A driverless car is not exactly a new concept... http://en.wikipedia.org/wiki/Driverless_car
Turning your own car into a driverless car for less than $200 would be quite novel. (I don’t think the Kinect is ideal or all that useful for this task, it would be very revolutionary if it were, though.)

Price is important. Price can be the only thing that’s different about something and it can still be revolutionary.

It doesn't have any arms - how is it going to hold a cellphone?
The article claims this is "the first iRobot to finally use SLAM".

See Gerkey's Create+Hokuyo SLAM HOWTO from March 2006, predating this "first" by 4.5 years.

http://www.ai.sri.com/~gerkey/roomba/index.html

Also, since the Create was designed and sold for exactly this kind of thing (it is a Roomba without the cleaning guts and with a published external control protocol), how is this a hack? Sigh.

To be clear, I'm pointing out only the sloppy "journalism".

The Kinect was slapped on there as a cheap new sensor for already existing SLAM* software. I'm sure the student would not claim novelty for that, and will be facepalming if he reads the linked article. This may be the first working Kinect-based SLAM system (outside Microsoft), a few hours before the next fifty instances. The gesture interpretation shown in the last few seconds is the novel contribution here.
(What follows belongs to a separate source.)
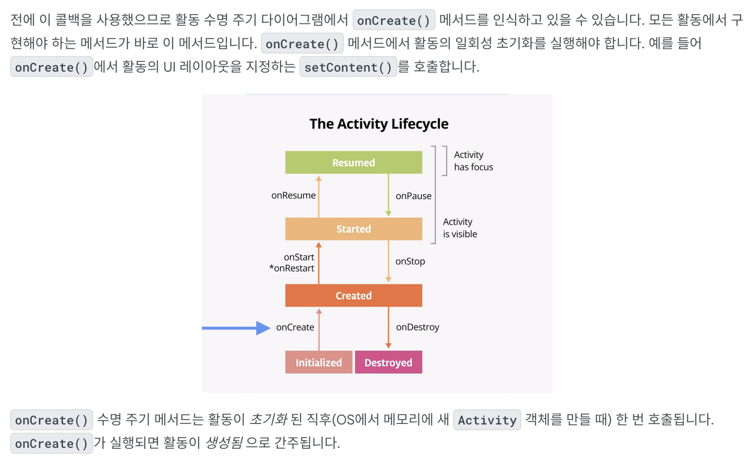는 Android Activity 생명주기 내에서 딱 한 번만 실행되는 함수로,MainActivity.kt

iRobot Creates are used for SLAM every day in tens, maybe hundreds of labs around the world.

It's a shame that this AI-themed blog couldn't be a bit more careful about simple facts.

[*Simultaneous Localization and Mapping]

As a hack, it might not be as impressive as something Woz might have done "in the day". But something very important is happening. A pre-made vision system was bodged onto a pre-built robot chassis and used with already existing software. It was fast, cheap, and relatively easy.

The robot Altair is nearly upon us. The robot PC-XT is likely not far behind. The mother of all tech-bubbles will be right behind that.

Why does it have a rangefinder? Isn't that essentially a sub-function of having a Kinect on board?
The Hokuyo device is a linear scanning laser rangefinder with much better accuracy and range than stereo camera + texture projector (like the Kinect) sensors are achieving. It costs around $2000. That device itself was a revolution when it was released since previously everyone used SICK LMS devices at $20,000 each. Now most labs and some undergrad programs can afford the Hokuyo. The Hokuyo is less accurate than the SICK, but it's good enough for many purposes and, hey, it's affordable. The Kinect gives relatively noisy and and low-resolution data, but it's another order of magnitude cheaper AND it's 3D. More choice for the well-off and a whole new world for those without big research grants.
Forgot to answer the question in my previous post. It probably has the laser scanner on board because it was already there before the Kinect was attached, used as the input to the SLAM system, and why bother to take it off? It gives better quality depth information (in 2D) so he may still need it.